Work instructions
Output the lines of the listing below exactly, starting at the line containing "В верхней строке" and stopping after the last line, with any pictures dropped.

····················

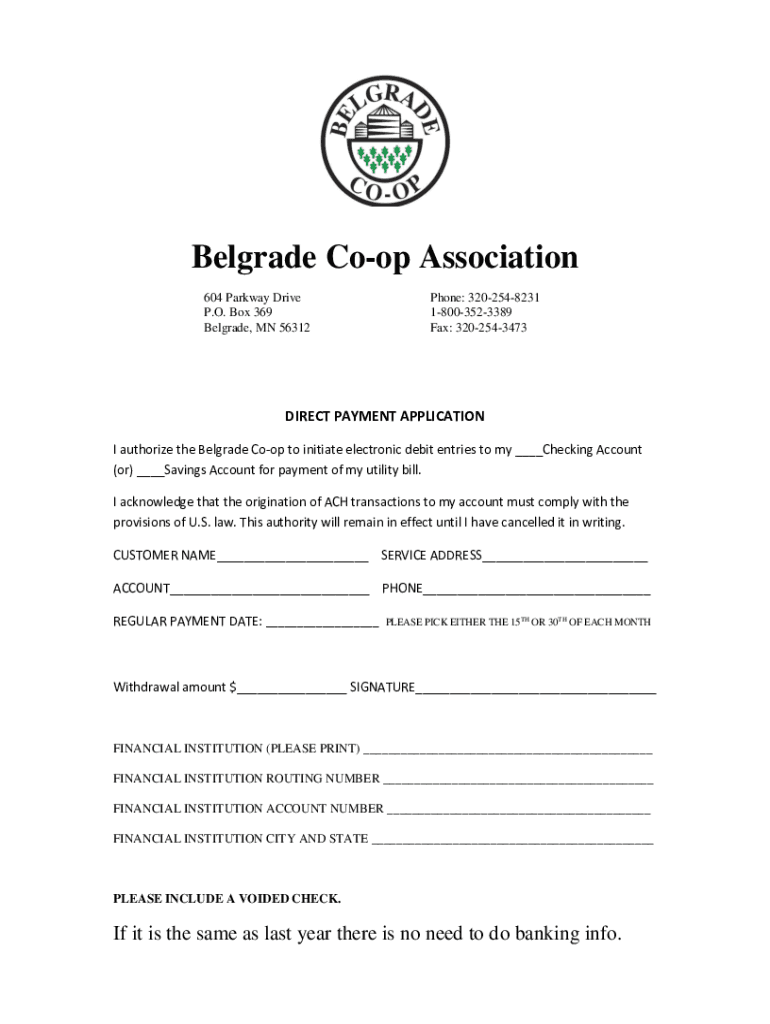 Belgrade Coop Association 604 Parkway Drive P.O. Box 369 Belgrade, MN 56312Phone: 3202548231 18003523389 Fax: 3202543473DIRECT PAYMENT APPLICATION I authorize the Belgrade Coop to initiate electronic
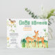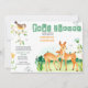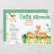 Invitación con tema de ciervos con dos ciervos. Adorable para la Invitación de Baby Shower para Niños. El fondo de la invitación es verde con puntos blancos. Personalizar con los detalles de la ducha usando nuestro sencillo patrón.
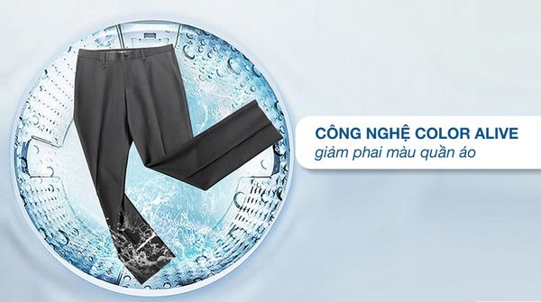 - Công nghệ Color Alive giúp hạn chế phai màu quần áo nhờ hệ thống giặt được thiết kế với khả năng giặt sạch tối ưu, bảo vệ áo quần giữ được độ bền màu tốt hơn.
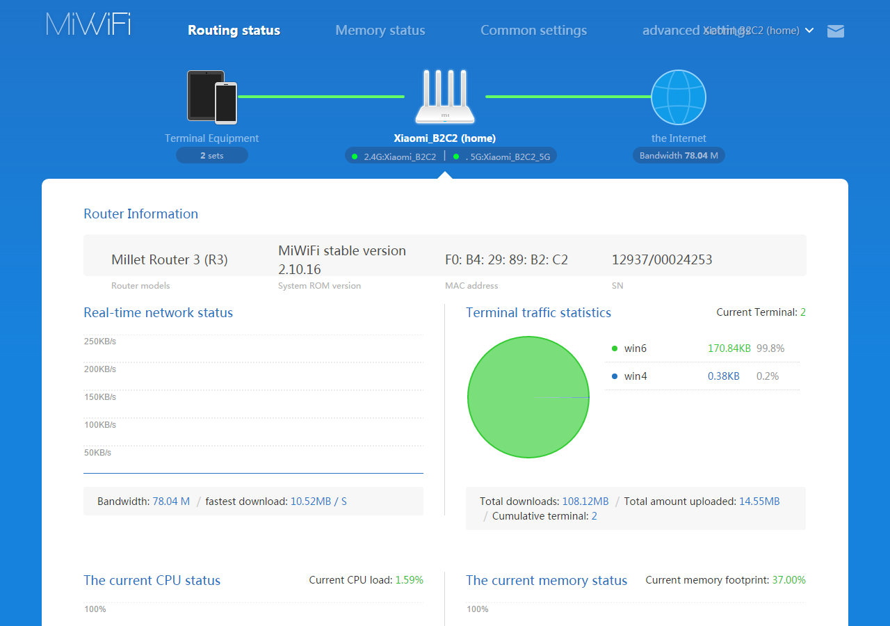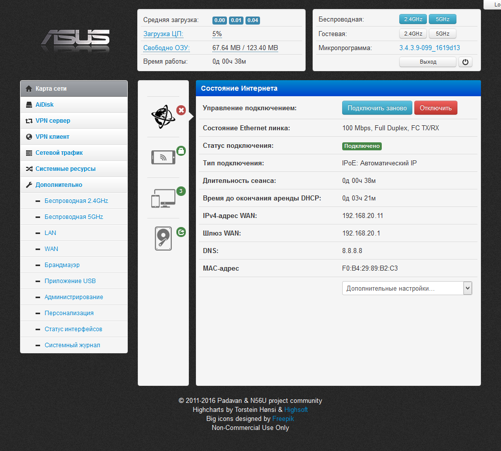 В верхней строке присутствует четыре пункта — статус, внешний накопитель, основные настройки, дополнительные настройки. На первой странице отображается текущее состояние устройства, включая занятость интернет-канала, процессора и памяти, список подключенных клиентов и статистика по ним.
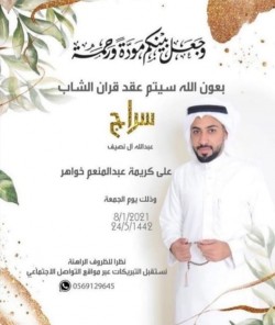 احتفلت عائلة آل نصيف والخواهر في سيهات مساء يوم الجمعة بعقد قران الشاب سراج عبدالله ال نصيف على كريمة الحاج عبد المنعم الخواهر وسط فرحة الأهل والأصدقاء ومحبي العريسين. أسرة ”جهينة الإخبارية“ تهنئ العريسين وعائلتيهما وتسأل الله ان يبارك لهما، متمنين لهما حياة سعيدة. ...
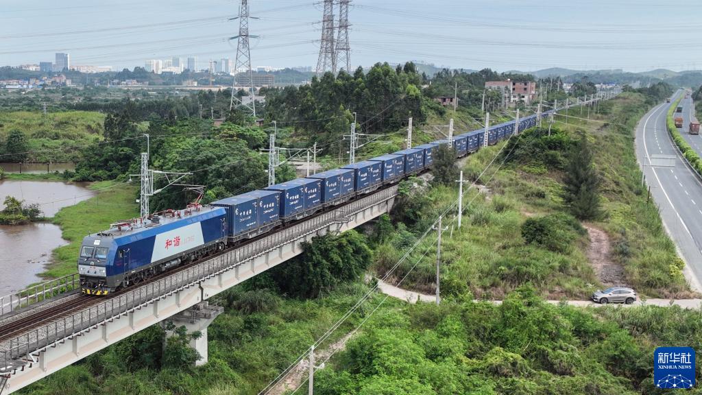 滿(mǎn)載集裝箱的貨列穿行在西部陸海新通道上(10月9日攝,無(wú)人機照片)。
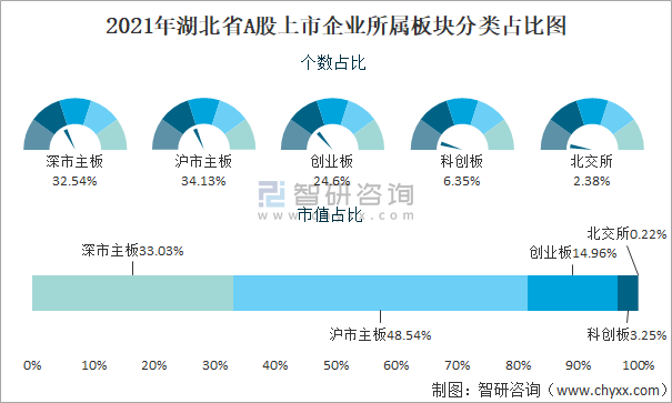 2021年湖北省A股上市企業(yè)所屬板塊分類占比圖

····················

Exercise result
 В верхней строке присутствует четыре пункта — статус, внешний накопитель, основные настройки, дополнительные настройки. На первой странице отображается текущее состояние устройства, включая занятость интернет-канала, процессора и памяти, список подключенных клиентов и статистика по ним.
 احتفلت عائلة آل نصيف والخواهر في سيهات مساء يوم الجمعة بعقد قران الشاب سراج عبدالله ال نصيف على كريمة الحاج عبد المنعم الخواهر وسط فرحة الأهل والأصدقاء ومحبي العريسين. أسرة ”جهينة الإخبارية“ تهنئ العريسين وعائلتيهما وتسأل الله ان يبارك لهما، متمنين لهما حياة سعيدة. ...
 滿(mǎn)載集裝箱的貨列穿行在西部陸海新通道上(10月9日攝,無(wú)人機照片)。
 2021年湖北省A股上市企業(yè)所屬板塊分類占比圖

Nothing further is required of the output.